══ Collected data

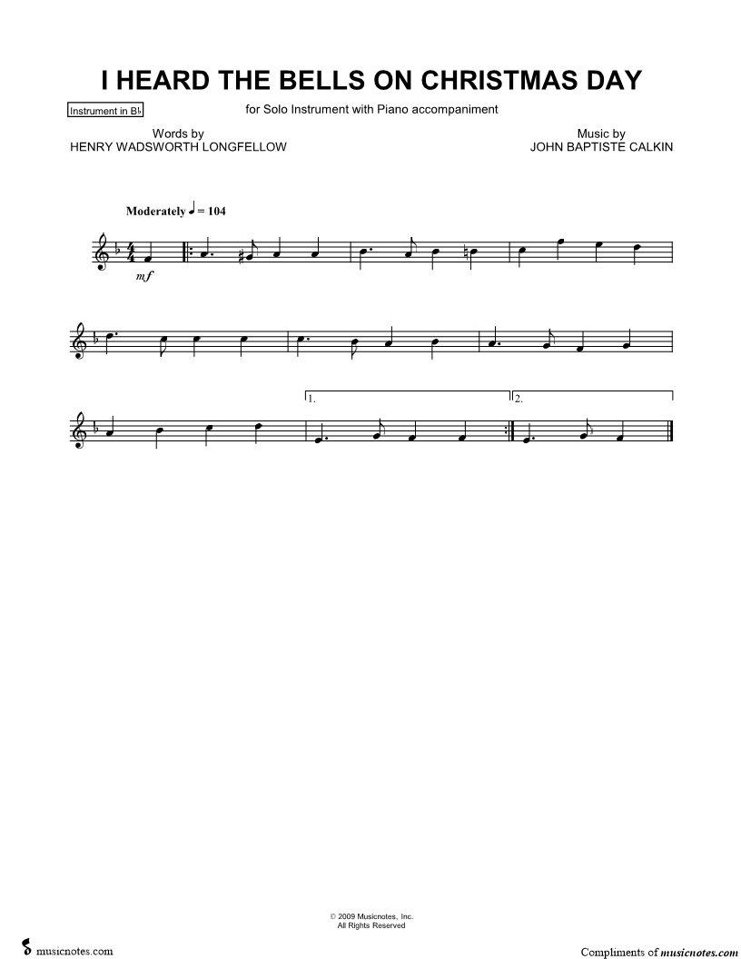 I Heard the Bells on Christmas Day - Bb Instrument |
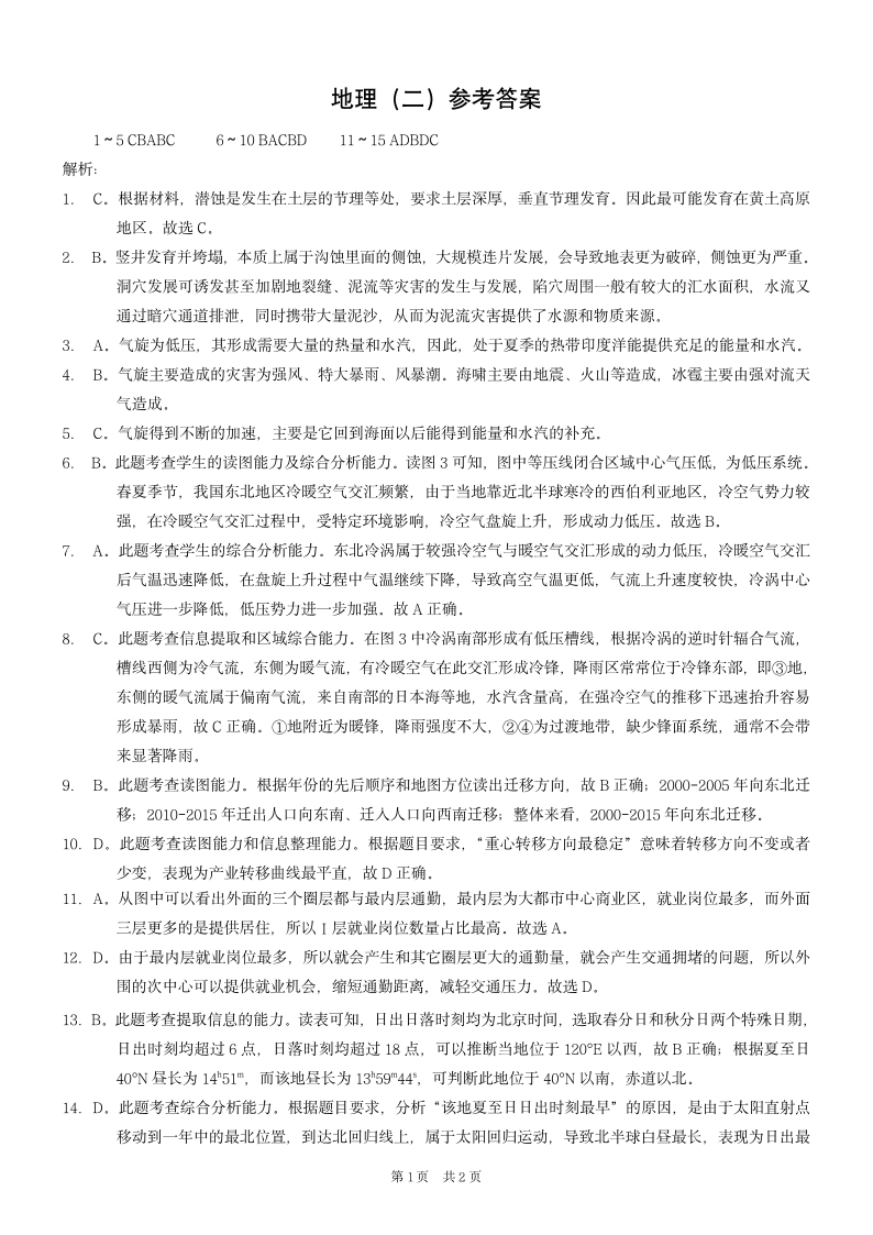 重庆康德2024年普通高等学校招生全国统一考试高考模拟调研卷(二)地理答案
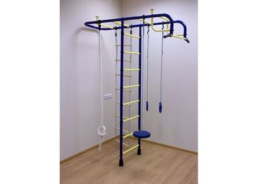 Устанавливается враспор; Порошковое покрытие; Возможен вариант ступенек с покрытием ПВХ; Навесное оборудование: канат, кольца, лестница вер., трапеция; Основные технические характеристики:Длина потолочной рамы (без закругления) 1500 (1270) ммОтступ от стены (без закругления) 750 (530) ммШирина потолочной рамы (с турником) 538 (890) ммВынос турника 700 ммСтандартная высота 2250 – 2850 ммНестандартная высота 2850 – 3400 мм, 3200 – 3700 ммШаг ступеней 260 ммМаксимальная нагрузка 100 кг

════

Repeat the lines of the listing above verbatim, beginning at its first line and ending at the line containing "重庆康德2024年普通高等学校招生全国统一考试高考模拟调研卷(二)地理答案", which is included. Omit pictures.

 I Heard the Bells on Christmas Day - Bb Instrument |
 重庆康德2024年普通高等学校招生全国统一考试高考模拟调研卷(二)地理答案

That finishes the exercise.